Overall, the common themes were:

  • Active listening, or being heard
  • Support groups
  • Advocacy and legal support
  • Consistent relationships with providers
  • Educational resources
  • Validation from professionals
  • Quality therapists
  • Respect for privacy
  • Information about treatment options

Support and Communication: About half of respondents mentioned support groups, counseling, or having someone available to listen. Proper communication about treatment was helpful.

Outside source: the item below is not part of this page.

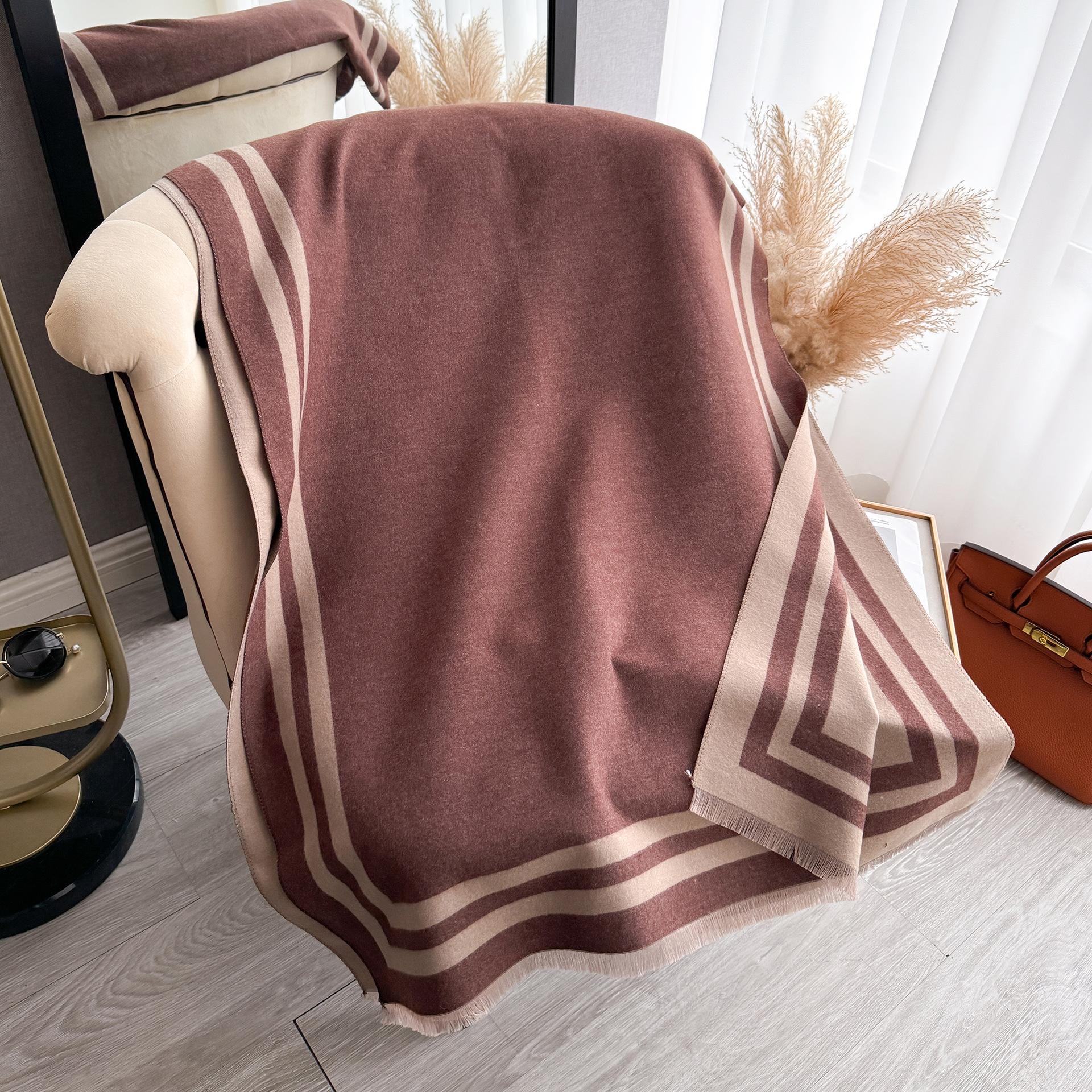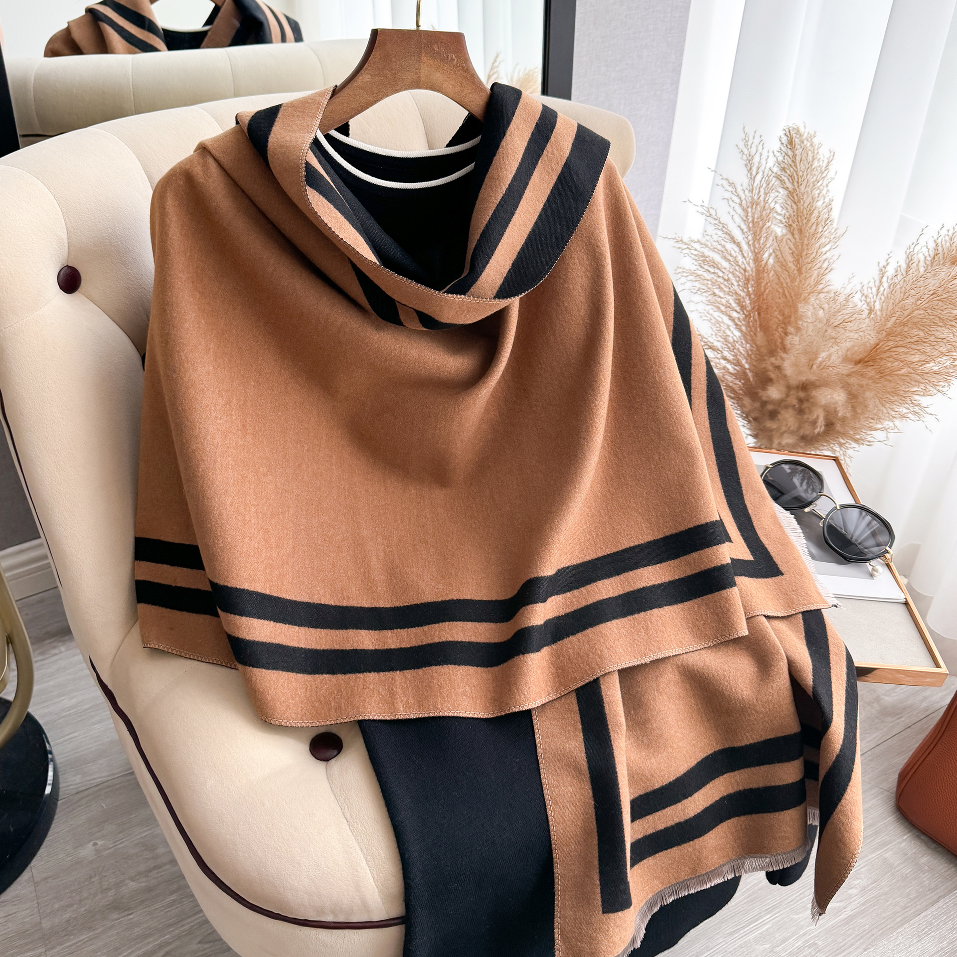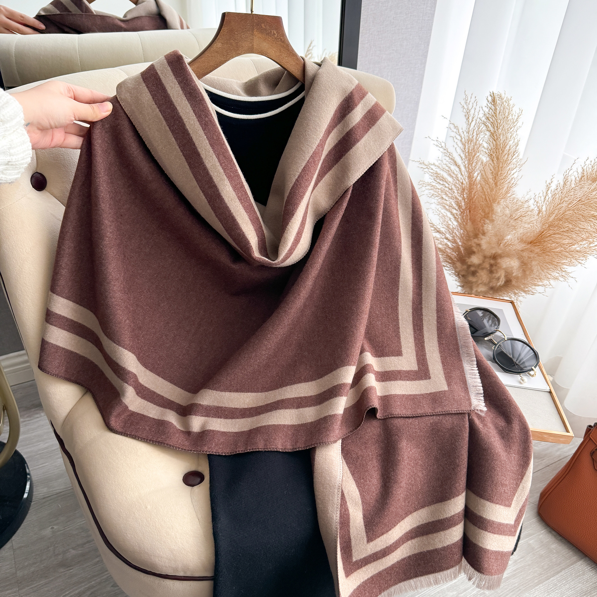가을과 겨울 간단한 부드러운 자카드 두꺼운 따뜻한 스카프 여성의 우아한 올 매치 양면 대비 색상 목도리 방탄 스카프스토어 가기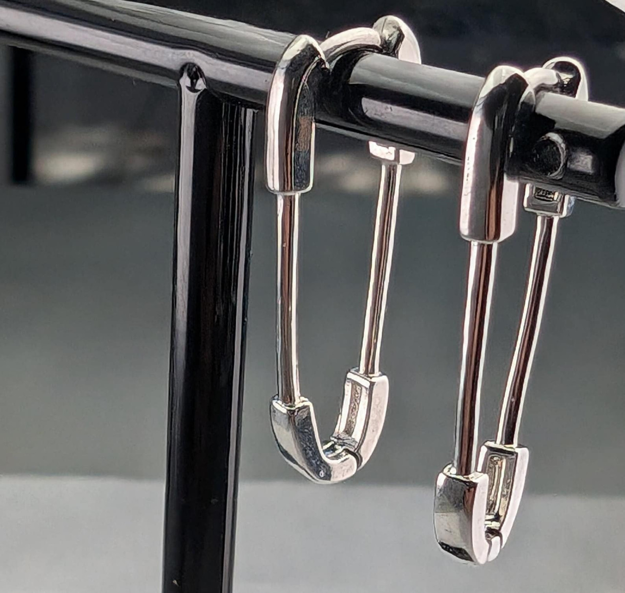 Safety Pin Drop Earrings, Sterling Silver Plated Dangle Earrings, Gift For Her +

Advocacy and Legal Support: Being empowered for self-advocacy with information regarding current laws was important. Some described connecting with fellow activists or peers for support in safeguarding their rights or hiring a lawyer.

Education and Information: About a third of respondents mentioned education or information. Free educational resources, accurate information about mental health conditions, information about treatment options, books, and so on.

Empathy and Understanding: Providers who show empathy were described as helpful. Helpful providers respected patient experiences and choices, expressed compassion or caring, offered validation, demonstrated sensitivity or nonjudgment, or acknowledged lived experience.

Stability and Consistency: Respondents appreciated consistent care from providers who understand the patient. Long-term therapeutic relationships and reliability were also valued.

Privacy: Respondents appreciated the correct use of privacy laws (for example, when HIPAA was correctly applied to ensure family involvement and proper patient privacy).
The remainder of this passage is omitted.